ДВАДЦАТАЯ ГЛАВА Ференц Ности на взлете
Таково было тщеславное, праздное общество, которое застал Ности у Тоотов, когда на следующей неделе нанес им визит. Причин для жалоб у него не было: его приняли приветливо не только старики, но и Мари. Она лишь им занималась, с ним говорила, его слушала, резко отделываясь от остальных, если они пытались к ней приступиться. Особенно было оскорблено высокомерие Палашти, и он искал предлога придраться к новому сопернику. За ужином речь зашла о машине Кемпелена из Пожони, которого госпожа Тоот помнила с детства, — о его всемирно известной шахматной машине-, обыгравшей самого Наполеона I. Кемпелен был старшим братом матери Палашти, однако даже в семье не знали секрета этого удивительнейшего изобретения, тогдашние владыки дотошно расспрашивали дядюшку, но так ничего и не добились.
— Э, да в ней просто человек был запрятан, — сказал Ности. — Иначе и быть не может.
— То есть вы утверждаете, что мой дядя обманщик?

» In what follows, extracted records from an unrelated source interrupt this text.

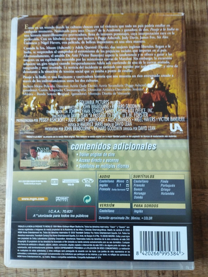 Passage en Inde Judy Davis James Fox Lean - DVD Region 2 Anglais espagnol AM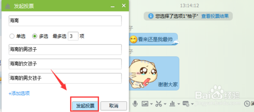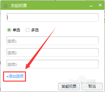 5、在弹出的窗口中,可以建立一个投票的名称,跟投票的数量或者名称。然后按下发起投票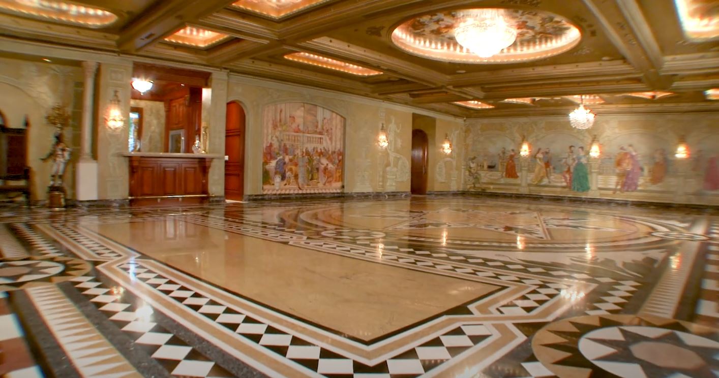 Як пояснює подружжя Брозе (ідея гаража-бального залу була їхньою) у відео, найскладніша частина будівництва цього мармурового експоната - зробити мармурову підлогу. Це найбільший шматок мармурової мозаїки в приватній резиденції, і на її створення вручну пішло два роки. Вона створена з розписаними вручну фресками в стилі епохи Відродження, позолотою на стелі, кришталевими люстрами, відповідними творами мистецтва та гідравлічними дверима.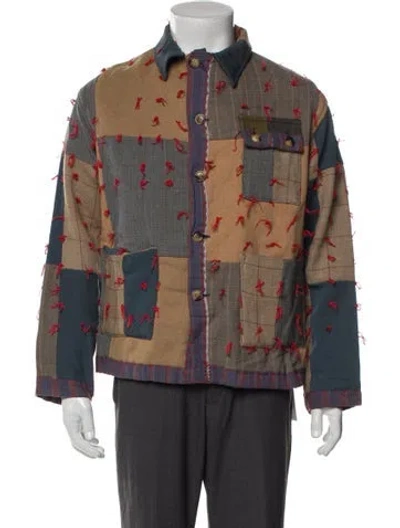 BODE Wool Denim Jacket Blue Printed Distressed & Whipstitch Accents Point Collar Patch Pockets Fit: Outerwear by BODE typically fit true to size. | BODE Wool Printed Denim Jacket in Blue, Men's S
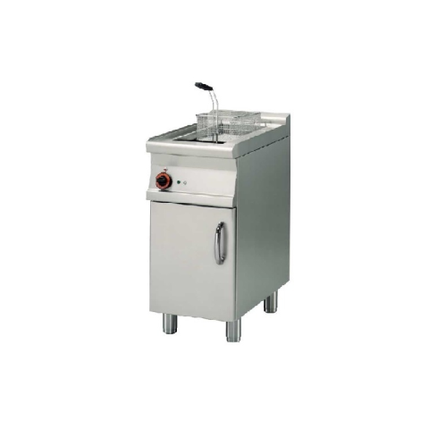 18 literes medence, lekerekített medence sarkok, tisztítható fűtő elemek, fronton elhelyezett hőfokszabályzó, 1 db 280x290x150 mm-es műanyag nyelű rozsdamentes fritőzkosár, kosár akasztó, olajszűrő, alsó olaj leeresztő csap és olajgyűjtő edény ajtós tárolóban, állítható lábakon. Kapacitás: 15 kg/óra (burgonya) Teljesítmény: 15,9 kW/400V-3N~ Mérete: 400x705x900 mm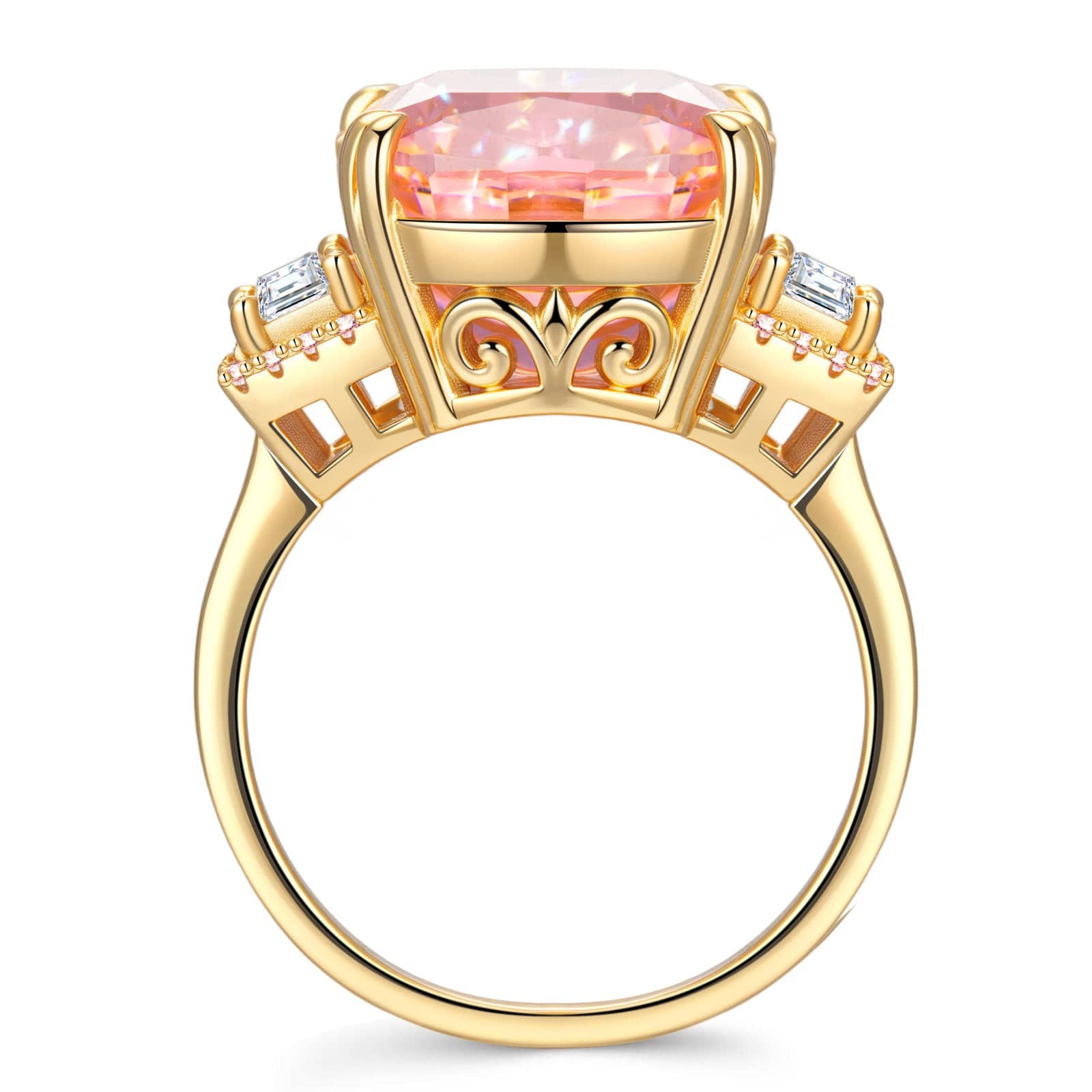 16*12mm Cushion Modified Brilliant Cut Padparadscha Sunset Glow Ice-Frosted Sparkle Lab Zircon - Three Stone Classic Engagement Ring 14K Yellow Gold Plated

— Я только утверждаю, что в машине был живой человек, — уклончиво и насмешливо отвечал Фери. — Не больше, не меньше. Какое мне дело да вашего дядюшки! Палашти вскочил злой, как хорек, и запальчиво произнес:
— А я не потерплю подобной наглости! Слышите, сударь! Ности спокойно поднял на него глаза:
— А я научу вас терпению.
На этом препирательства закончились, наступила немая тишина, потом беседа возобновилась, но то и дело прерывалась, и вскоре все разъехались.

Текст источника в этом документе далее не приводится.